**Problem statement:** Your copy of the data should leave out the images and match everything else exactly.

Material provided Start Marker

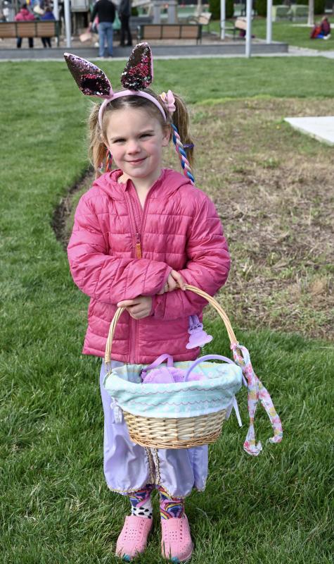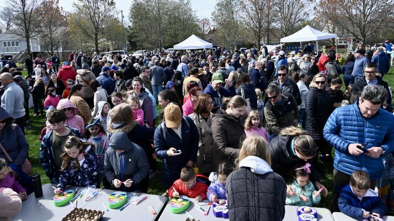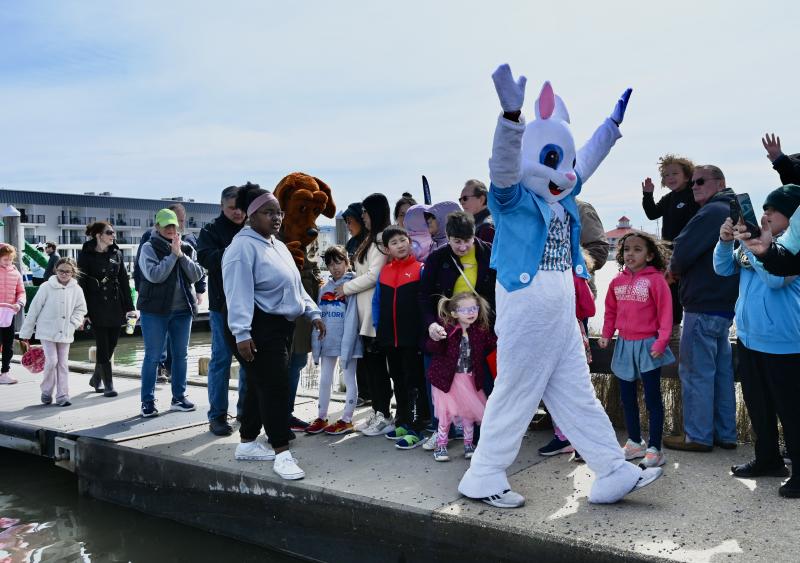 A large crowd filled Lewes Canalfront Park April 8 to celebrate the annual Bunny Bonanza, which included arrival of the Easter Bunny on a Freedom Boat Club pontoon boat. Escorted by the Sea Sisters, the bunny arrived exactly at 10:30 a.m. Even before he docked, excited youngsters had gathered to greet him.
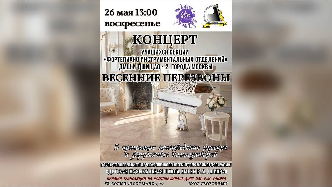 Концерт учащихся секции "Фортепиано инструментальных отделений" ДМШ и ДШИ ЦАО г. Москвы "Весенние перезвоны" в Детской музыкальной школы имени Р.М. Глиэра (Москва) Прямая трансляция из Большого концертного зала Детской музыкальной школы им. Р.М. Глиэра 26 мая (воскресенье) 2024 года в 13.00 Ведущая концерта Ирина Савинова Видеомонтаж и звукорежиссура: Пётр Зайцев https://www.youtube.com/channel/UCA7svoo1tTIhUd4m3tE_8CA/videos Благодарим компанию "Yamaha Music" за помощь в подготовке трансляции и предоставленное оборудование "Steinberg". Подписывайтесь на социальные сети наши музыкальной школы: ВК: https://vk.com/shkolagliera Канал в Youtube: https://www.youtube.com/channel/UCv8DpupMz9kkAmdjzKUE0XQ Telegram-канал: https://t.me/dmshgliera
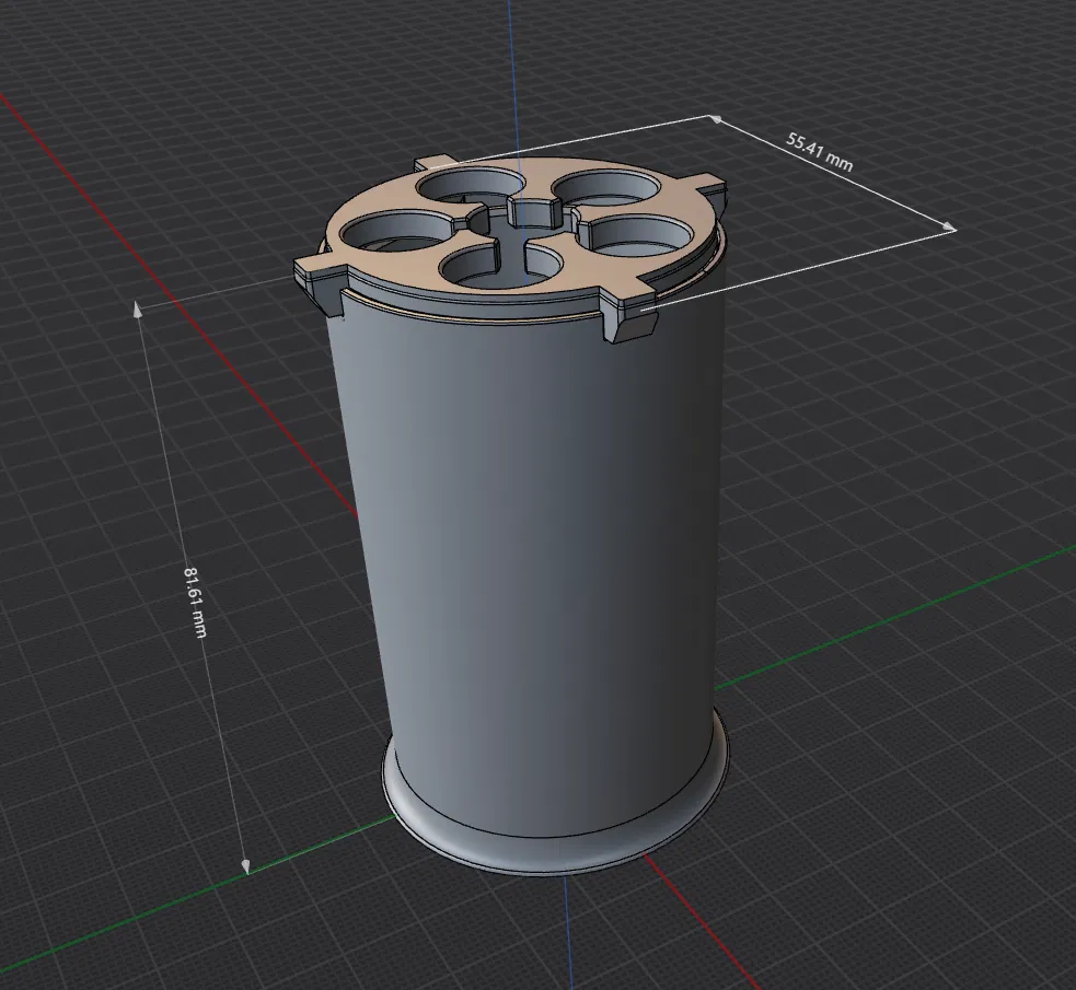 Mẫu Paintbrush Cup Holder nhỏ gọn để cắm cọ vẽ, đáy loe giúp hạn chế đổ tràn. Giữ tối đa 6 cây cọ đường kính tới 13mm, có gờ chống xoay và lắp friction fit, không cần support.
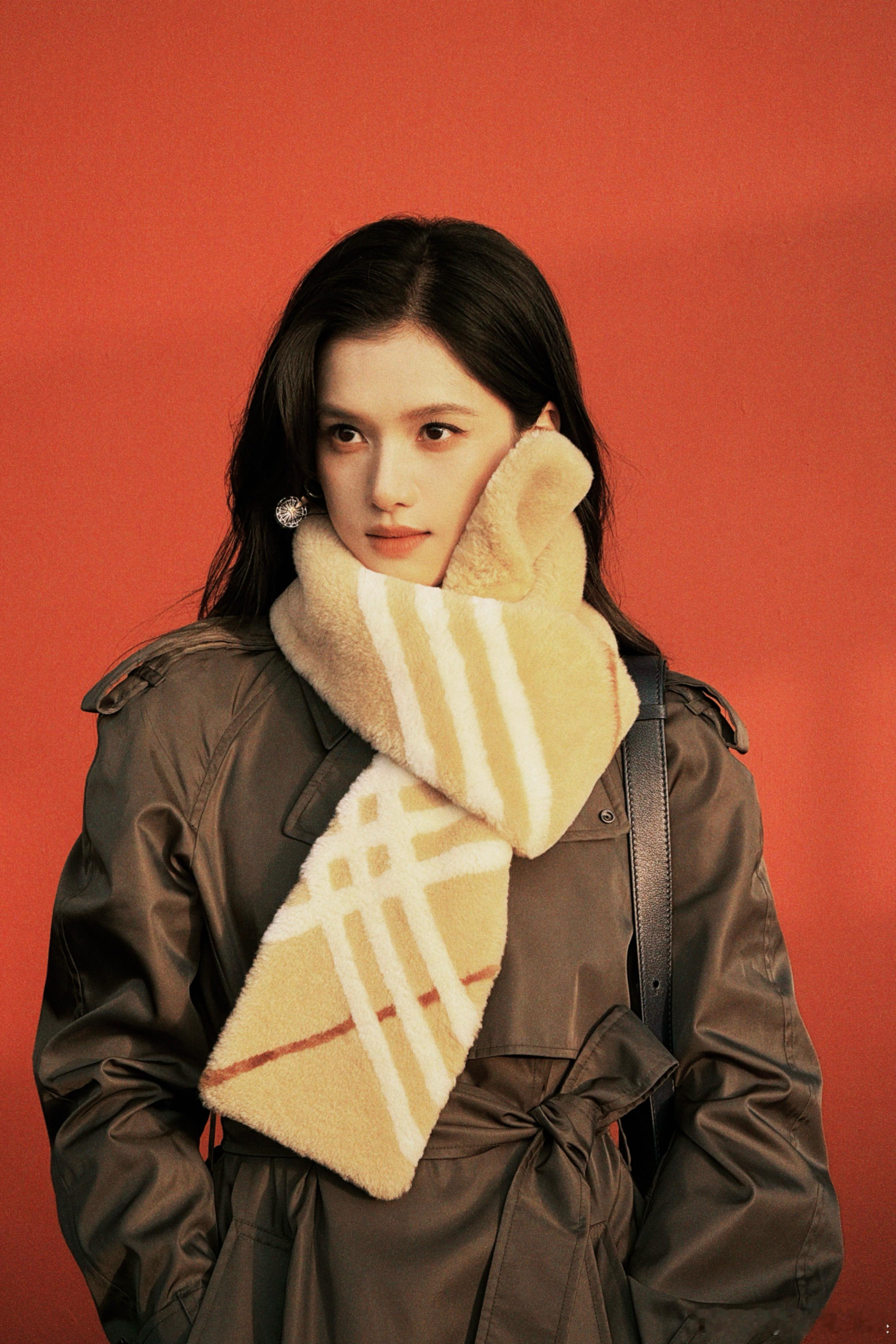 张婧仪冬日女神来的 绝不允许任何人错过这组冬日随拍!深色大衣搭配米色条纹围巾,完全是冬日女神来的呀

Material provided End Marker

**Written solution:**
 A large crowd filled Lewes Canalfront Park April 8 to celebrate the annual Bunny Bonanza, which included arrival of the Easter Bunny on a Freedom Boat Club pontoon boat. Escorted by the Sea Sisters, the bunny arrived exactly at 10:30 a.m. Even before he docked, excited youngsters had gathered to greet him.
 Концерт учащихся секции "Фортепиано инструментальных отделений" ДМШ и ДШИ ЦАО г. Москвы "Весенние перезвоны" в Детской музыкальной школы имени Р.М. Глиэра (Москва) Прямая трансляция из Большого концертного зала Детской музыкальной школы им. Р.М. Глиэра 26 мая (воскресенье) 2024 года в 13.00 Ведущая концерта Ирина Савинова Видеомонтаж и звукорежиссура: Пётр Зайцев https://www.youtube.com/channel/UCA7svoo1tTIhUd4m3tE_8CA/videos Благодарим компанию "Yamaha Music" за помощь в подготовке трансляции и предоставленное оборудование "Steinberg". Подписывайтесь на социальные сети наши музыкальной школы: ВК: https://vk.com/shkolagliera Канал в Youtube: https://www.youtube.com/channel/UCv8DpupMz9kkAmdjzKUE0XQ Telegram-канал: https://t.me/dmshgliera
 Mẫu Paintbrush Cup Holder nhỏ gọn để cắm cọ vẽ, đáy loe giúp hạn chế đổ tràn. Giữ tối đa 6 cây cọ đường kính tới 13mm, có gờ chống xoay và lắp friction fit, không cần support.
 张婧仪冬日女神来的 绝不允许任何人错过这组冬日随拍!深色大衣搭配米色条纹围巾,完全是冬日女神来的呀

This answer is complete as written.